By the time he reached the top of the landing, the door to his room was open too, and Em had stepped into the hall. He caught a brief glimpse of her bare legs, so thin beneath the enormous T-shirt she was wearing. It made him shiver.
“What is it?” He stopped in Melissa’s doorway; his father was hovering over his sister’s bed, shushing her, while his mother sat at the foot of the bed, rubbing Melissa’s feet through the blanket. She wasn’t screaming anymore, just whimpering, sitting with her arms wrapped around her knees and her chin buried between her forearms. The clock on her nightstand read 4:34.
“There’s no one out there, honey,” Mr. Fount said, leaning over Melissa’s bed to look out her window, where a purplish dawn was just starting to break. “I promise.”

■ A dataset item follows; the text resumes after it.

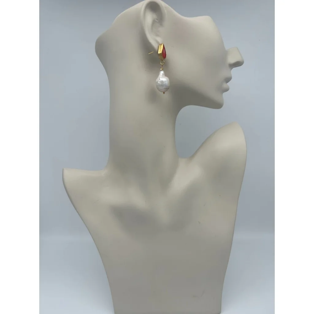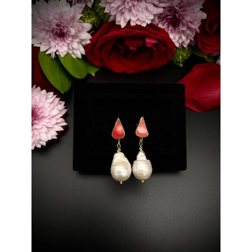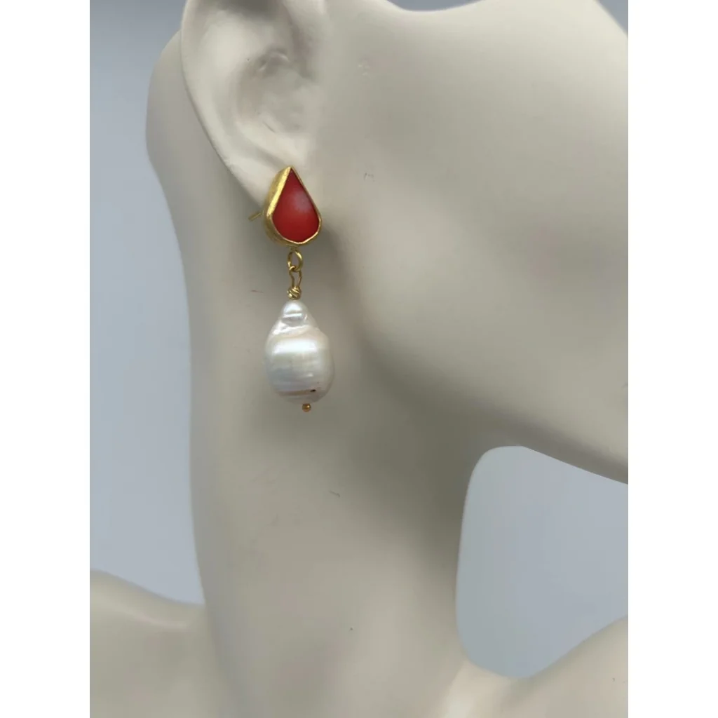 Barok İnci Mercan Altın Kaplama Küpe

“You’re just overexcited because of the fire,” JD’s mom added, stroking her daughter’s sleep-mussed hair. “Nightmare,” she mouthed to JD.
Melissa shook herself free. “It wasn’t a dream,” she said. “I saw someone. I’m sure of it. Right there.” She pointed to her window frame, staring at the glass with wide, tear-glassed eyes.
JD’s stomach knotted up. He thought of Mr. Feiffer’s face, frozen in death. But he tried to stay calm. “That’s impossible, Mel,” he said, trying to shake any doubt from his voice. “How would someone get all the way up to your window?”
“Someone was there,” Melissa insisted. “I know someone was watching me. I could feel it.” Her parents exchanged a hopeless look over Melissa’s head.
“I have an idea, Melly.” Suddenly Em was in the room behind him. She’d pulled on her sweatpants. Her long dark hair was piled on top of her head in a messy ponytail. JD thought she had never looked so beautiful. How could someone be here, so close, and yet so untouchable? “Why don’t you keep watch from up here, and I’ll go downstairs and make sure no one is out there?”
Mrs. Fount gave a nervous laugh, making You don’t have to do this eyes at Em. “I don’t think that’s necessary, sweetheart. . . . ”
But Melissa nodded slowly. “Okay,” she said. “Just to make sure.” She squeezed her knees tighter, and said defensively, “I didn’t imagine it.”
“Let’s make sure they’re gone, then,” Em assured her. “I get it. It’s no big deal,” she said, more to the Founts than to Melissa. And then she was gone, headed downstairs and for the front door.
“I’ll go with her,” JD said hurriedly. What was she thinking, going out there alone?
He followed Em into the front yard, shivering as his bare feet hit the dewy grass. Em had passed into the front yard already, making a great show of looking up, down, and all around. The sky was charcoal, lit by hazy stars.
“You’re a great actress,” he called out to her as she turned to give a thumbs-up to Melissa’s bedroom window. They watched as Melissa waved to them, hugged her parents, and turned off her light.
“I’m not acting,” she said quietly. She’d been beaming at the window. Now her smile faded. “I was worried.”
As the words left her mouth, a gust of wind blew through the yard, rustling the branches, the new leaves. He tried to ignore the prickling feeling on the back of his neck—like there really was someone, or something, out there with them.
“Did you feel that?” Em asked.
“Yeah. Just a breeze.” He tried to keep his voice light. But he felt urgently that they had to get inside—away from the dark, and the night, away from all the places someone could hide. “Let’s go back in.”
Em was standing rigid, her face suddenly contorted with fear. He wanted to put his arm around her, but the six inches between them felt like an abyss of awkwardness, unable to be spanned. He wished he could tell her that he knew the truth—about Crow, about the Furies. But would it help? Would it change anything? He wasn’t sure.